After signing their strategic partnership in 2004, Arcelor (now ArcelorMittal) and ULg started the Biocoat project – a project where they combined their expertise to use bio-inspiration and the chemistry of synthetic polymers to devise a process where they could produce a cost-effective and environmentally friendly way to coat stainless steel surfaces with antibacterial coating.

In 2009 they demonstrated the feasibility of a process based on an aqueous solution of a bio-inspired multi-functional polymer.
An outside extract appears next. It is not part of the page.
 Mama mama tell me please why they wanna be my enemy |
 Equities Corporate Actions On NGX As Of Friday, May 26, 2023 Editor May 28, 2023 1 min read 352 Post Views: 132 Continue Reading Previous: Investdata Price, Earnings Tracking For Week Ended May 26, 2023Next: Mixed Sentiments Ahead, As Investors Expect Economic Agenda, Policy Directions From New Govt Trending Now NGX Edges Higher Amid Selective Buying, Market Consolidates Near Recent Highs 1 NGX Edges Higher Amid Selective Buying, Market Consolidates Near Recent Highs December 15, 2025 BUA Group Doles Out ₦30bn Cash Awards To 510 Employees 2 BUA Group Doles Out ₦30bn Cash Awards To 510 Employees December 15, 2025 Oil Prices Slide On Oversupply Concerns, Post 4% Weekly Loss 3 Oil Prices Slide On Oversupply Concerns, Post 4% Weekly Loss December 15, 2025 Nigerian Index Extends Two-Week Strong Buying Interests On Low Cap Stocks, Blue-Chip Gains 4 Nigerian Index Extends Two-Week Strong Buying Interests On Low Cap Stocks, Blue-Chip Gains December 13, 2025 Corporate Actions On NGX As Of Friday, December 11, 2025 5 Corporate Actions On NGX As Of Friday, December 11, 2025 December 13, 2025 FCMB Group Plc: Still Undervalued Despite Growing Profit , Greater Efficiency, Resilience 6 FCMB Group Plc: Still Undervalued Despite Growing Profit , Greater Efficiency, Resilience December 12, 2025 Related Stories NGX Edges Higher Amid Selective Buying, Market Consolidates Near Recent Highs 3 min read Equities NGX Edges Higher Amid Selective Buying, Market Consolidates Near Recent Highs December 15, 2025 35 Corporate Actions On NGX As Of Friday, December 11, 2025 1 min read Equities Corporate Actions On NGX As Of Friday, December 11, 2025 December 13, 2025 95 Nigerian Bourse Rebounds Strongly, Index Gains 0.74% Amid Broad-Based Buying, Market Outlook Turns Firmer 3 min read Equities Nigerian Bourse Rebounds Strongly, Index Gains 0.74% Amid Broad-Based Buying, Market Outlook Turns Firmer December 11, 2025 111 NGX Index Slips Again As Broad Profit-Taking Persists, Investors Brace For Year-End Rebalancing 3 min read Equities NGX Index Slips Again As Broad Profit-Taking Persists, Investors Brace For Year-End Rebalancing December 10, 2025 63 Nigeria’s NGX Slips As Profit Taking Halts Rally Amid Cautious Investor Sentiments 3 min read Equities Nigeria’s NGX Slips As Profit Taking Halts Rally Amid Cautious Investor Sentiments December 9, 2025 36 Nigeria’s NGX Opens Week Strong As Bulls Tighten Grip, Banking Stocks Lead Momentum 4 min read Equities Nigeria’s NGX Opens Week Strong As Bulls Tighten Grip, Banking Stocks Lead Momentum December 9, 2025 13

However, the durability of the antibacterial property was not guaranteed and the process required dozens of successive deposits of these nanometer thin layers on the steel, thus making the process unsuitable for use mass production.
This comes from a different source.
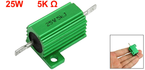Product Name Aluminum Resistor Resistance Value 5K Ω Power Rating 25W Resistance Tolerance ± 5% (J) Body Size 26 x 15mm/1" x 0.6" (L*D) Mounted Hole Size 1.5mm/0.06", 2.5mm/0.1" Total Size 50 x 27 x 15mm/2" x 1.1" x 0.6" (L*W*T) Casing Material Aluminum Color Green Weight 13g Package Content 1 x Aluminum Resistor - Reviews

“We wanted to simplify this process by using the same basic products but by changing the ways in which they were deposited”, said Christophe Detrembleur, a Senior FNRS Researcher at the ULg’s Center for Education and Research on Macromolecules (CERM). “We pre-assembled the active principles (hydrosoluble polymers bio-inspired for adhesion and nanoparticles of antibacterial silver) in the water in order to have a solution ready for use available, in other words ready to be deposited on the steel by a simple soaking or spraying.”

Aside making the process faster, less costly and effective, the researchers managed to improve it to function in water at room temperature. The solution enables the biomolecules such as anti-biofilm enzymes or antibacterial peptide to be added to the mix.

Although the researchers from ULg developed this coating with stainless steel surfaces in their mind, the promising results made them test their coating on other surfaces such as titanium, plastics and textiles.